Start of DATASET SECTION
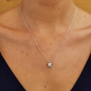 €240.00 Add to cartThis exquisite sterling silver turtle pendant is adorned with shimmering white Swarovski crystals and vibrant abalone. It hangs elegantly on an 18-inch (46 cm) sterling silver chain, combining natural beauty and sophisticated sparkle. Perfect for adding a touch of oceanic charm to any outfit.
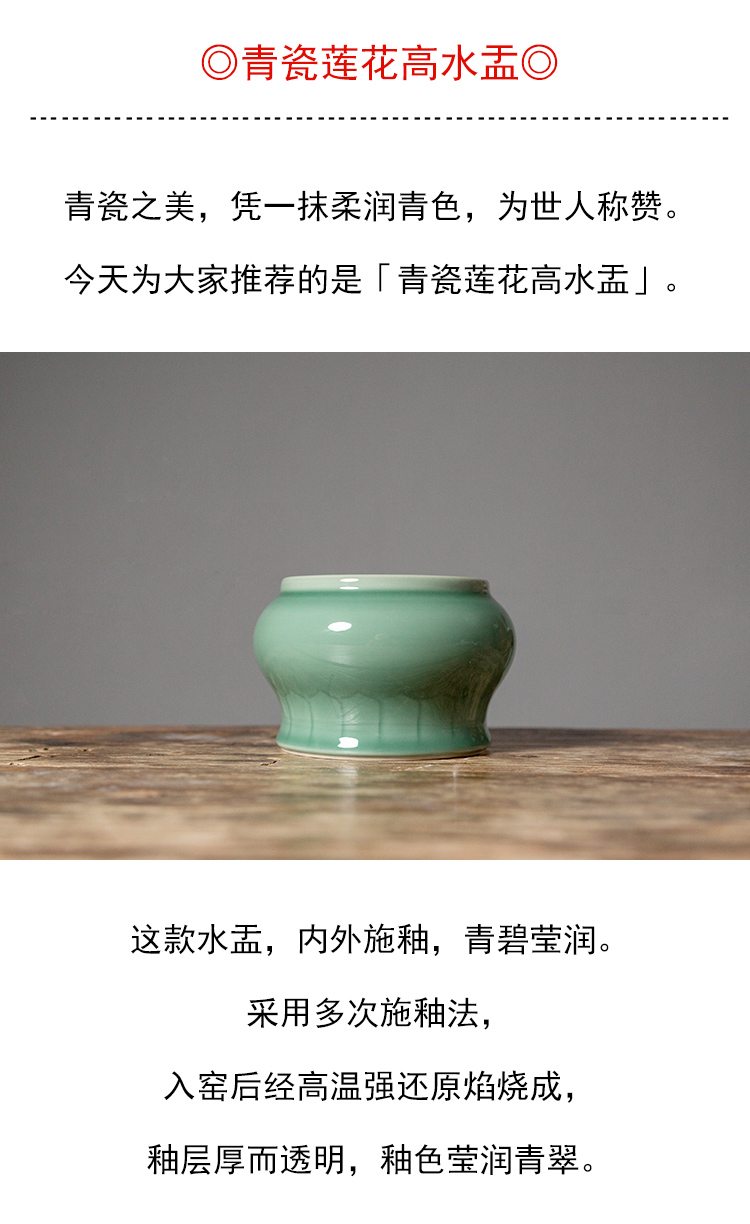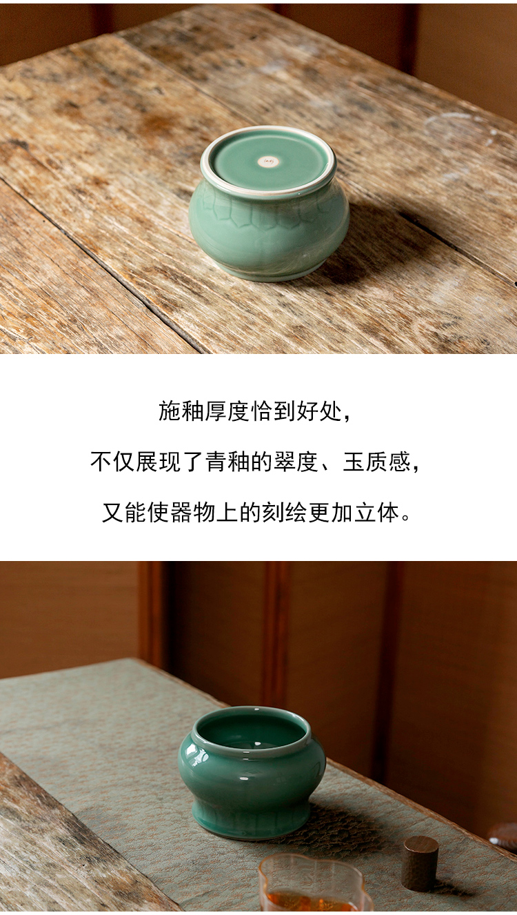 茶香记 青瓷莲花高水盂 莲花刻绘 青碧莹润禅意十足 一物多用 建水
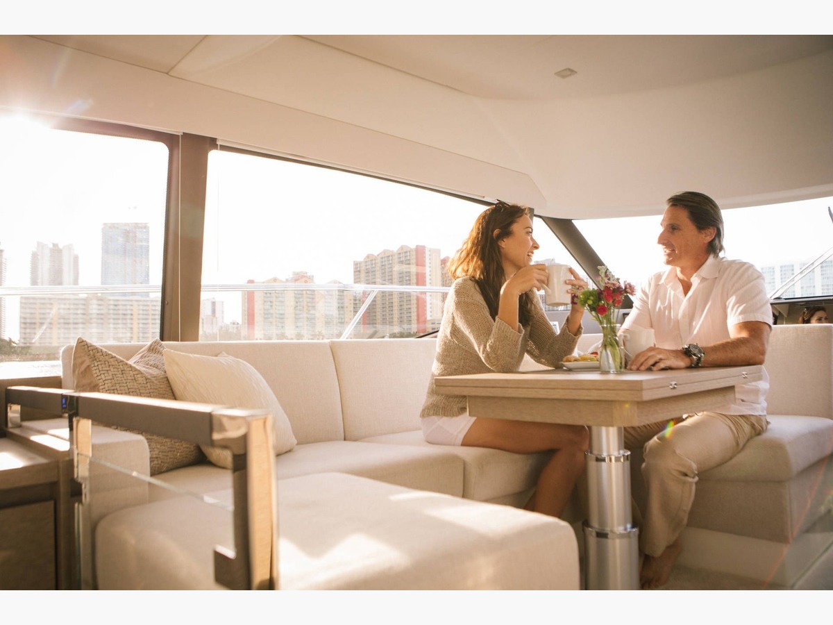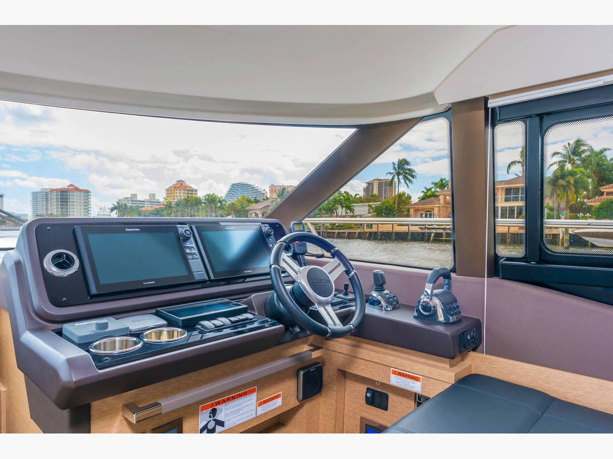 À bord, les volumes et la lumière sont au cœur de l’expérience. Le salon panoramique et la cuisine ouverte sur le cockpit créent un espace de vie fluide et convivial, tandis que le flybridge accueille un grand bain de soleil et un coin repas pour profiter pleinement de chaque mouillage. En version 2 cabines, la Prestige 460 FLY propose une superbe cabine propriétaire « wide body » occupant la majeure partie de la largeur, ainsi qu’une seconde cabine double idéale pour vos invités.
End of DATASET SECTION
INSTRUCTIONS FOR THE TASK: Restate the data above exactly, stripping out each image.

FINAL ANSWER:
 €240.00 Add to cartThis exquisite sterling silver turtle pendant is adorned with shimmering white Swarovski crystals and vibrant abalone. It hangs elegantly on an 18-inch (46 cm) sterling silver chain, combining natural beauty and sophisticated sparkle. Perfect for adding a touch of oceanic charm to any outfit.
 茶香记 青瓷莲花高水盂 莲花刻绘 青碧莹润禅意十足 一物多用 建水
 À bord, les volumes et la lumière sont au cœur de l’expérience. Le salon panoramique et la cuisine ouverte sur le cockpit créent un espace de vie fluide et convivial, tandis que le flybridge accueille un grand bain de soleil et un coin repas pour profiter pleinement de chaque mouillage. En version 2 cabines, la Prestige 460 FLY propose une superbe cabine propriétaire « wide body » occupant la majeure partie de la largeur, ainsi qu’une seconde cabine double idéale pour vos invités.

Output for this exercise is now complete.